Né en 1963, Michel Gondry est le réalisateur de nombreux clips vidéo, et de courts et longs métrages. Par exemple, il réalise, en 2004, un film avec Jim Carrey et Kate Winslet, Eternal Sunshine of the Spotless Mind. Et en 2006 sort La Science des rêves avec Gael García Bernal, Charlotte Gainsbourg, Alain Chabat et Miou-Miou.

Michel Gondry a déjà reçu de nombreuses récompenses pour son œuvre, telles que le prix du meilleur réalisateur de la Washington D.C. Area Films Critics Association ou l'oscar du meilleur scénario (en 2005) pour Eternal Sunshine of the Spotless Mind.

Pour en savoir plus :  http://www.michelgondry.com/



Quelques éléments d'analyse, d'explication et de comparaison

Pour comprendre l'œuvre de Boris Vian, certaines clefs sont nécessaires. Il faut d'abord comprendre que le monde qu'il crée est parfaitement logique en lui-même. « La mécanique est aussi rigoureuse, aussi implacable que celle d'une tragédie grecque. » (p. 178) C'est pourquoi le lecteur sent une certaine angoisse monter au fil des pages, et le spectateur au fil des scènes. Il ne connaît pas les règles de cet univers, et pourtant il ne peut y échapper, si bien qu'il ne sait à quoi s'attendre. Or, les personnages, eux, n'y voient rien de surprenant : c'est leur monde, et il a toujours fonctionné ainsi. Quoi de plus naturel ?

Ce monde est fondé sur le langage.

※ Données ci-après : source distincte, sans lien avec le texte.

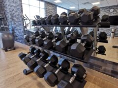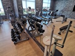 As for cardio equipment, there’s a Peloton bike, three treadmills, two cross-trainers and a stationary bike.

Chaque mot, chaque phrase, est pris au pied de la lettre. Tout y est sujet à une interprétation inattendue. En effet, « on exécutera une ordonnance au moyen d'une petite guillotine de bureau, un homme planté là prendra racine pour peu que le terrain s'y prête […], on s'excuse de n'avoir pas aiguisé comme il le faudrait une pointe d'ail, on s'indigne à l'idée qu'un garçon utilisera un pourboire pour manger. » (p. 177) Inattendue et pourtant si vraisemblable ! Une imagination agitée dans un cas, des yeux émerveillés dans l'autre, roman et film savent capter l'attention de leur public.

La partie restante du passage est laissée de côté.